* Work to complete *
Please copy exactly the part of the records below that opens with the line containing "THE LIBRARY BOOK [Signed] Author: Orlean, Susan" and closes with the line containing "Vintage Leather Works", leaving out any pictures.

* Supplied records *
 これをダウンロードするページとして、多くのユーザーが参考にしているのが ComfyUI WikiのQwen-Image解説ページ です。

--

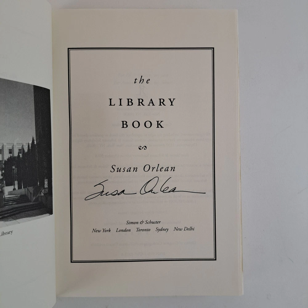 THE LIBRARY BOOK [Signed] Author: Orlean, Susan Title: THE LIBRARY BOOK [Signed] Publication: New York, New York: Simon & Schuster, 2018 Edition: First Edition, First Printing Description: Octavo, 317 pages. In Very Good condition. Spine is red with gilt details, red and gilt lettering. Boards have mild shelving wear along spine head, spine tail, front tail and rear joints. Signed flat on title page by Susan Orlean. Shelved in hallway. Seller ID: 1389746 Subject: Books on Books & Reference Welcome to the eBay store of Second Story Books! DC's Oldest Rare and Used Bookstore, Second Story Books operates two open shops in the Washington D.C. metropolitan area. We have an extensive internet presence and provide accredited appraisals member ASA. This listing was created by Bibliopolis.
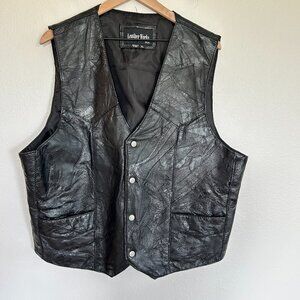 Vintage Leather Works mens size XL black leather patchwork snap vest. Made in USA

* Solution below *
 THE LIBRARY BOOK [Signed] Author: Orlean, Susan Title: THE LIBRARY BOOK [Signed] Publication: New York, New York: Simon & Schuster, 2018 Edition: First Edition, First Printing Description: Octavo, 317 pages. In Very Good condition. Spine is red with gilt details, red and gilt lettering. Boards have mild shelving wear along spine head, spine tail, front tail and rear joints. Signed flat on title page by Susan Orlean. Shelved in hallway. Seller ID: 1389746 Subject: Books on Books & Reference Welcome to the eBay store of Second Story Books! DC's Oldest Rare and Used Bookstore, Second Story Books operates two open shops in the Washington D.C. metropolitan area. We have an extensive internet presence and provide accredited appraisals member ASA. This listing was created by Bibliopolis.
 Vintage Leather Works mens size XL black leather patchwork snap vest. Made in USA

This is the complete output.